New York

Robert Ryman

It’s all in the name—the stubborn consistency of tact, vision, and method, the economy of means, the paradoxically anti-systematic system of repetitions, the governing law of tautology. Moving through over thirty years of Robert Ryman’s production in this show was akin to taking the same commuter train over and over again but never having the same experience twice—and never actually reaching a destination. This work thumbs its nose at the protocol of formal progression articulated in Modernist rhetoric while simultaneously beckoning the viewer to perform a thorough “formal” analysis.

The putative simplicity of Ryman’s work is deceptive, and this is precisely what enthralls. Unlike Donald Judd, who eventually rejected painting in favor of sculpture’s literalness, Ryman has apparently delighted in the exhaustion of abstract painting. Nothing and everything changes in this artist’s oeuvre, and one is struck by the sheer obstinance of his will to drive painting into a corner, allowing it to occupy that space with a quiet, mundane grace.

There’s a poetics of blankness here that defies a congruous articulation in the verbal realm. Indeed, this is the main paradox that Ryman himself confronted early on, with works such as The Paradoxical Absolute, 1958, and other paintings from that period in which he uses his name and the date as a compositional element within an essentially abstract antispace. These suggest the frustration of an attempt to reconcile the naming function of language with the zero degree of nonobjective visuality. Evidently, this dilemma can find no actual resolution, since it is only a constructed, discursive paradox that has been rehearsed over and over again.

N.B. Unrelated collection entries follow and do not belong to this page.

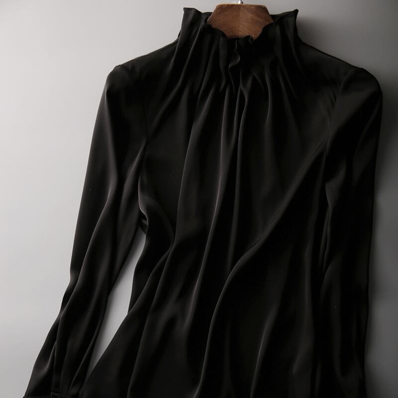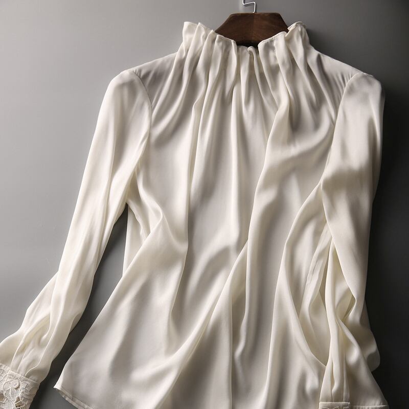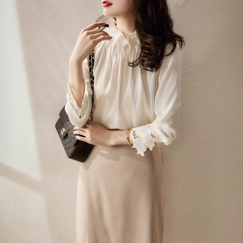 上半身が華奢な骨格ウェーブさんの魅力を最大限に引き出す、大本命のブラウスが登場です。 首元にほどよく詰まったフリルギャザーが、気になりやすいデコルテの薄さをさりげなくカバーし、顔まわりを華やかに演出。視線を自然に上へ集めることで、バランスよくスタイルアップを叶えます。 最大のポイントは、袖口に施した繊細なカットワークレース。動くたびに上品な可愛らしさを添え、装飾が得意な骨格ウェーブさんにぴったりのデザインです。 肌になじむ柔らかなとろみ素材も好相性。ハイウエストスカートにインすれば、オフィスからデートまで幅広く活躍する、清楚でフェミニンなスタイルが完成します。
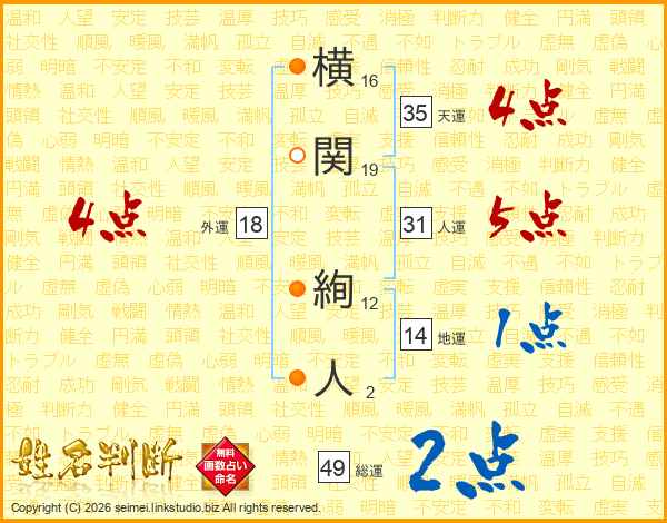 生活面を象徴する運勢です。外部から受ける影響力を表し、結婚運、家庭運や職場、環境への順応性を表します。総運から人運を引いた画数。姓や名が1文字の場合を除く。
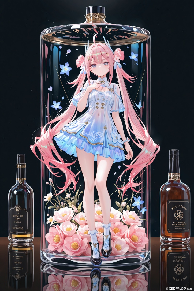 youyun,clothes: youyundef short dress,youyundef hair ornament,1girl,pink hair,very long hair,ahoge,twintails,socks,hair flower
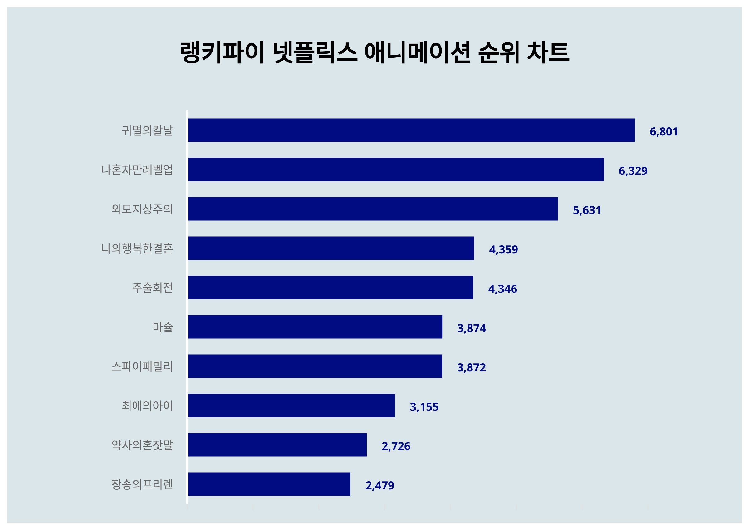 | 1 | 귀멸의칼날 | 6,801 | 8,589 | -1,788 | -20.8% |
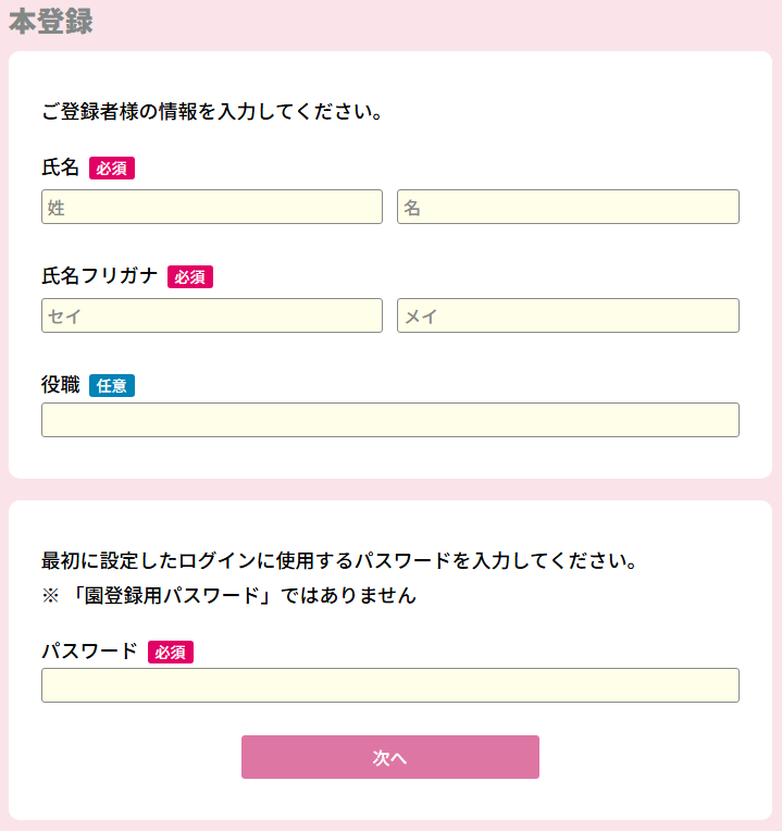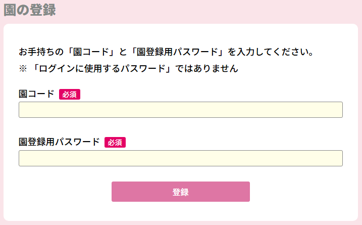 園コード・園登録用パスワードを入力します。
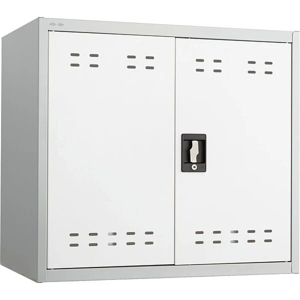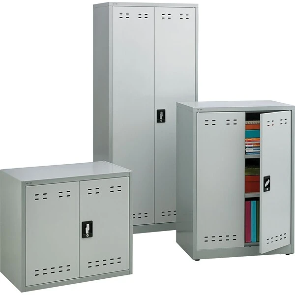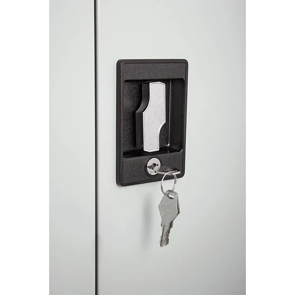Place this steel storage cabinet in an office, entryway or warehouse for storing your office supplies, personal belongings or power tools. The recessed lock keeps everything secure without the risk of catching on clothing in a busy work space. Leveling glides provide a secure base on uneven surfaces and make it easier to move the unit for cleaning and repositioning. The two-tone finish looks great in an office waiting room while the heavy-duty steel construction is tough enough to handle a warehouse o r garage environment.
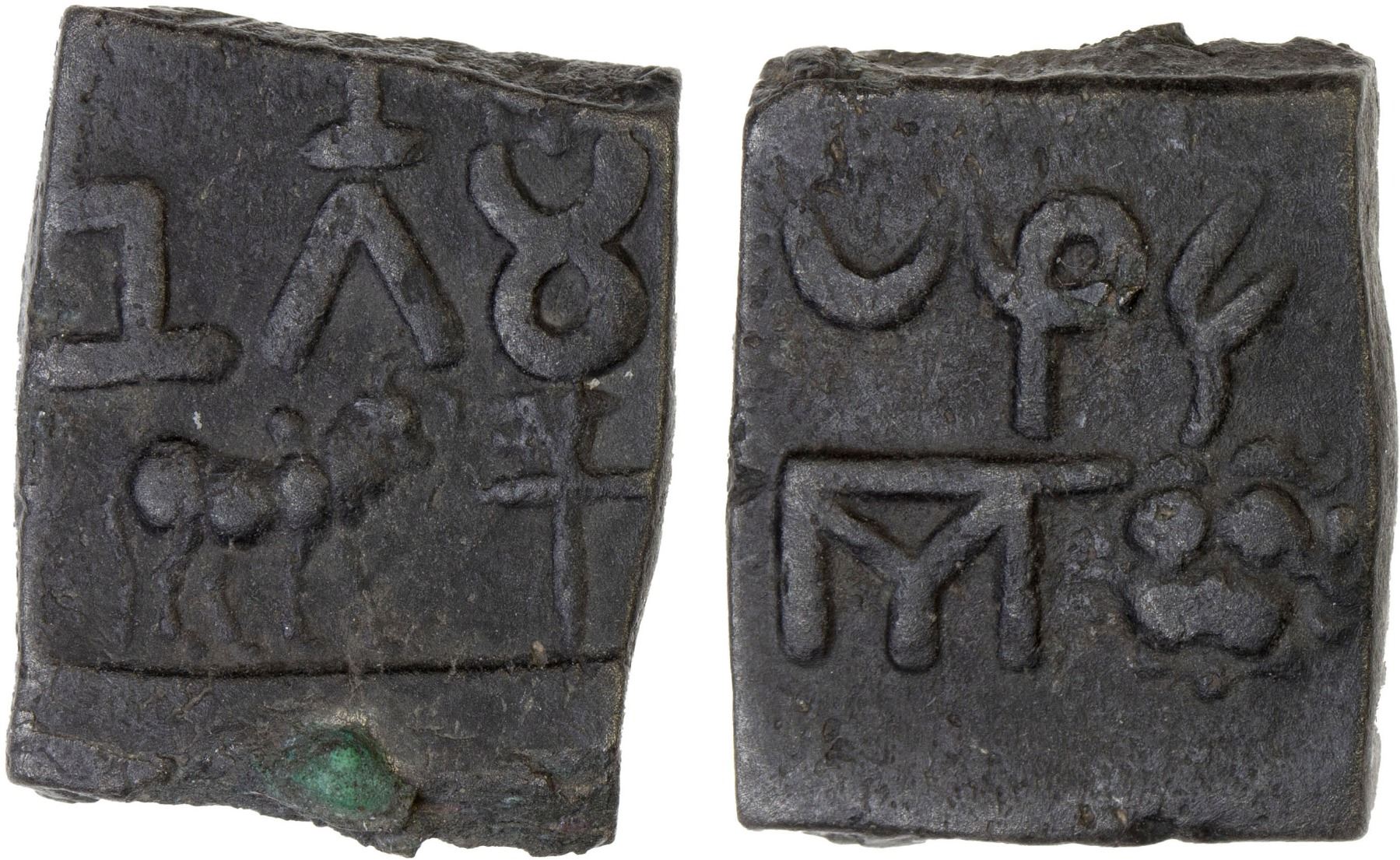 TAXILA: Guild series, 2nd/1st century BC, AE square unit (7.36g), Pieper, Zeno-238505 (this piece), Brahmi negama ("guild"), bull and Indradhvaja below, uncertain symbol above // Kharosthi negama, monogram & facing lion below; wonderful example! VF-XF, RR.
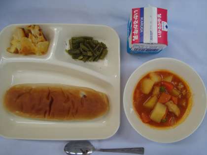 「ケチャップ煮、三度豆のソテー、りんごのクラフティ、おさつパン、牛乳」
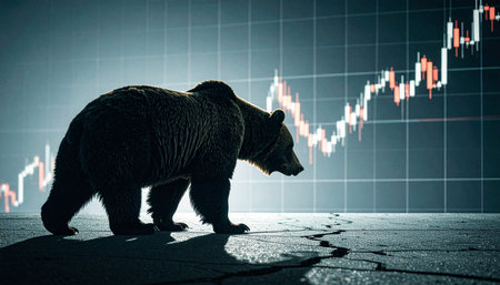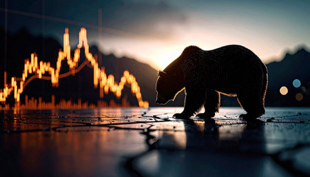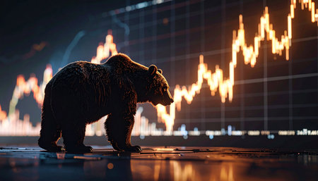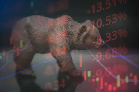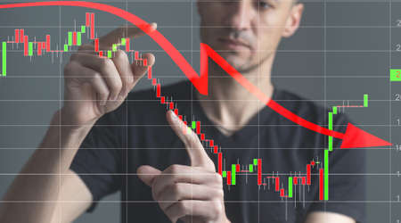 War stock trading bull and bear market concept with stock chart crisis red price drop arrow down chart fall, stock market bear finance risk trend investment business and money losing economic
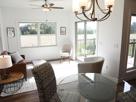 Enjoy easy living in this exciting and accessible ranch located in the Mill Creek subdivision. Features 4 bedrooms, 3 baths, 2 car garage, sunroom, walk-in closet in the master bedroom, gourmet kitchen, deck, tray ceilings, beautifully finished with painted cabinets, quartz tops, tile shower, and partially finished basement with LVP flooring. All villas built with accessibility in mind; step less entry, walk in showers, and much more. $65 per month for HOA covers all lawn and snow care. Dan Dolan is a licensed IA Realtor and Principal in Dolan Homes.
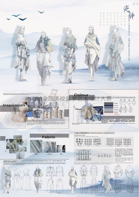 作品简介:《瓷辞》 系列以青花瓷为精神内核,运用分形几何重构传统水墨意境。蓝白渐变面料模拟釉色流动,数码印花将冰裂纹转化为无限递归的曼德博图纹,隐喻微观与宏观的哲学同构。立体剪裁通过参数化褶皱形成自相似肌理,解构式廓形在破碎中建立秩序,暗合道家大制不割的辩证思维。衣身线条随人体曲线延伸,如青花笔触游走于器形与虚空之间,诠释东方美学中器以载道的造物哲学。本系列以数学逻辑重释传统工艺,探寻有限形制与无限意境的共生可能。
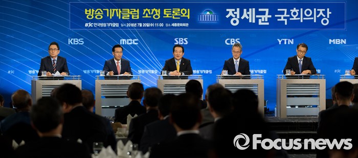 (서울=포커스뉴스) 정세균(가운데) 국회의장이 20일 오전 서울 종로구 세종문화회관에서 열린 한국방송기자클럽 초청 토론회에 참석해 모두발언을 하고 있다.

Is it still necessary to ask the same question of Ryman’s work: does his painting indicate the final “end point” of the Modernist narrative? In his 1981 essay “Ryman’s Tact,” Yve-Alain Bois poses what still must be considered the most pertinent question regarding this artist: “Why is it so hard to write about Robert Ryman’s work?” Ryman’s paintings set a visual and ideological trap for the critic: what you see is what you get, and what you get is profoundly what you see. Faced with Ryman’s richly ascetic sensibility, the writer feels compelled to fill in the whiteness of these paintings’ imaginary voids even if this means descending into the treacherous nether regions of metaphorical or metaphysical language.

Pushing back the limits of pictorial space, destroying pictorial illusionism, destroying space itself, obliterating depiction, signaling the tautology of practice through a syntax of repeated tactics, issuing forth gesture as the index of bodily presence, offering repetition as the most sensual strategy possible. Tautology heaped upon tautology, laying waste to meaning beyond the painting-as-thing. Painting as the sensuous science, a perceptual cancellation that only prompts speculation—a fecund emptiness. Do these paintings really speak to us at all? And how do we speak for them? Ryman’s work is straightforwardly there—present—in its ineluctable yet understated materiality. They are both prior to and beyond thought, an exhaustion that is finally inexhaustible—perhaps a poetry horn of boredom.